Обрызгать там кого-либо не опасался — нахальный спаниель-хранитель, который за период стычек с Орденом Бессмертия всю гетманскую ауру ушами вымел, вылизал чакры и блуждающие нервы перегрыз, не появлялся больше месяца, со скорбной годовщины Мирового Катаклизма.
— Аллё, поаккуратнее! — вдруг тявкнул кто-то в гетманской душе.
Несовершеннолетний дух, — обрадовался Александр. Очень вовремя!
— Привет, ушастая скотинка! Где ты пропадал?
— В отпуске был, гы-гы!
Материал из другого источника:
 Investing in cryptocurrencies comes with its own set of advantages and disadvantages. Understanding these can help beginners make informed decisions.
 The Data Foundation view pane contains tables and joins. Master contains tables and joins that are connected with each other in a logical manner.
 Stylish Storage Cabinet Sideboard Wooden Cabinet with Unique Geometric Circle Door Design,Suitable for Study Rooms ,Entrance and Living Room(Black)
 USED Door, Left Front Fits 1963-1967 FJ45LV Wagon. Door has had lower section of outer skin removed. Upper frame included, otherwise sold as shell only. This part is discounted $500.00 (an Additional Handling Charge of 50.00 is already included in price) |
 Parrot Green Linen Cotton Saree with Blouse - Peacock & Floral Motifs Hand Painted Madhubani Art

На лыжах катался, гы-гы-гы, в Арабских Эмиратах... Здорово, человечинка! Себя не забывал, пока меня не было?
— Такого разве забудешь? Ты же всех лопоухих сучек за собой увёл!
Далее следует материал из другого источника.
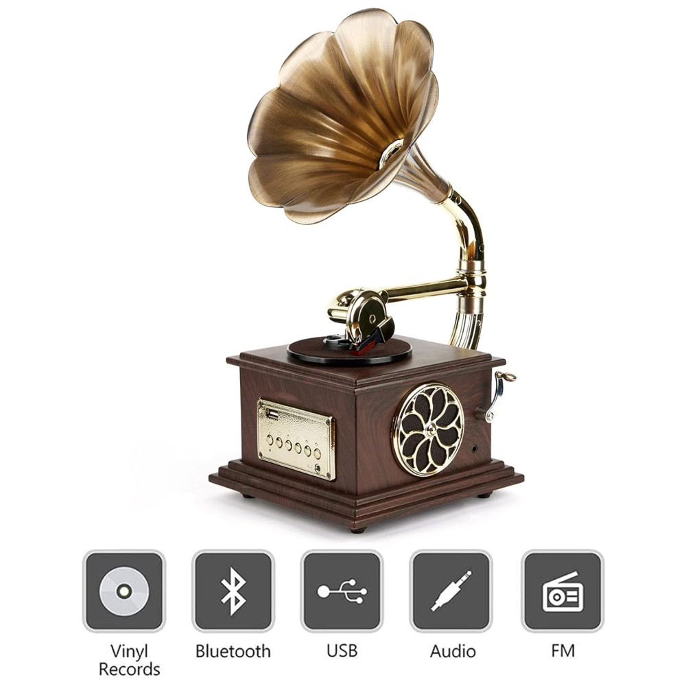 Mini, mas versátil plataforma giratória de duas velocidades 33, 45 RPM reproduz todos os seus discos de vinil 17,25 e 30 centímetros e álbuns favoritos Conexão Bluetooth para reproduzir música sem fio de seu dispositivo habilitado para Bluetooth smartphones, tablets, laptops, computadores, etc. Conexão de áudio de 3, Rádio FM Saída auxiliar Reprodução USB.
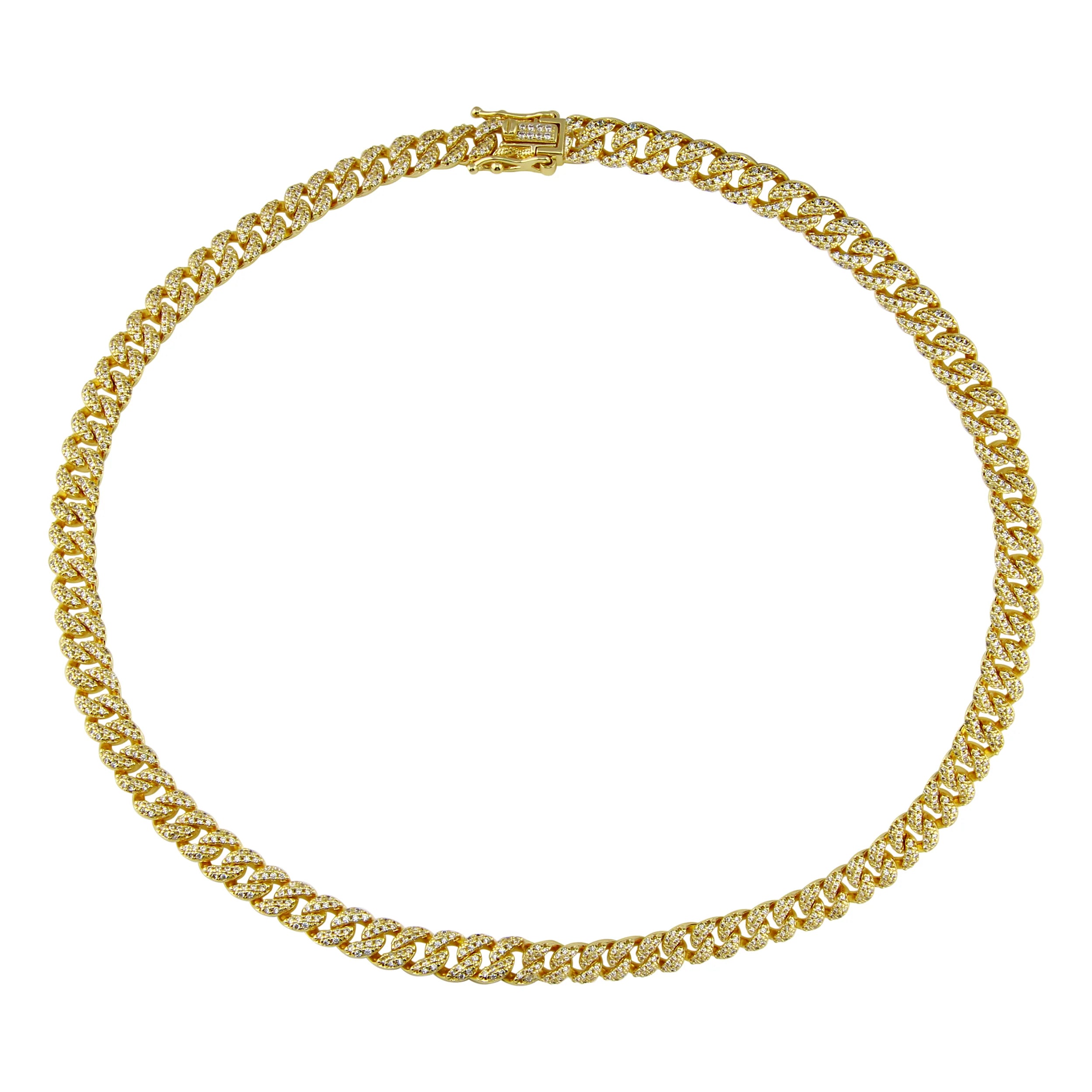 Cadena cubana en plata con baño de oro y zirconia.

— Гляди-ка, начинаешь соображать! Так, чего доброго, станешь когда-нибудь нормальным кобе... ладно, не об этом. Как жив-здоров? Как семья?
— Будто не знаешь! — горько усмехнулся гетман.
— Да уж знаю...
— И что бы ты сказал на эту тему, разговорчивый ты мой?
— А что тут скажешь? — буркнул пёс. — Надеяться вы, люди, умеете, вот и надейся на лучшее. Потом расскажешь, как это — 'надеяться'... Дерзай, полкан, раз уж собрался в дальний путь! Дорогу осилит идущий.
— Она хоть верная? — напрягся гетман.
— Почём я знаю? В конце любой дороги есть что найти и что потерять...
— А без понтов своих ты выражаться не умеешь? Просто скажи, да или нет!
— Умный ты больно, Человечина Разумный! Привык всё надвое делить... Забыл уже, что Будущего нет? Я ведь говорил тебе! Будто горох о стену, ей-Хозяину!.. Самая распрекрасная дорога может привести куда угодно, даже к смерти, а жалкая тропа — к спасению. Иди! Собьёшься — подскажу. Пока могу... Пока, полканчик, мне пора!
У Александра сразу полегчало на душе — ангел-хранитель, разумеется, нахален беспредельно, однако не умеет врать. Как человек. Как человек, который врать как раз таки умеет беспредельно...
— Спасибо, сучий дух! — в сердцах воскликнул он. Конечно, про себя. Не про себя, конечно, не про духа сучьего, пусть даже в человеческом обличии... Тьфу, сам себя вконец запутал!
— Опять плюешься, хам и этот... как его?.. короче гавкая, пошёл ты на..!
— Пойду-пойду, — полковник усмехнулся, — только погоди ещё минуту! Такое дело, брат... Алёнка говорила как-то мне, что к ней почасту прилетает твой коллега, ангел-лебедь...
— Допустим. Дальше что?
— Дальше? Ну, ты не мог бы его попросить... в общем, чтобы не чирикнул малой, незачем ей знать... понял, о чём я?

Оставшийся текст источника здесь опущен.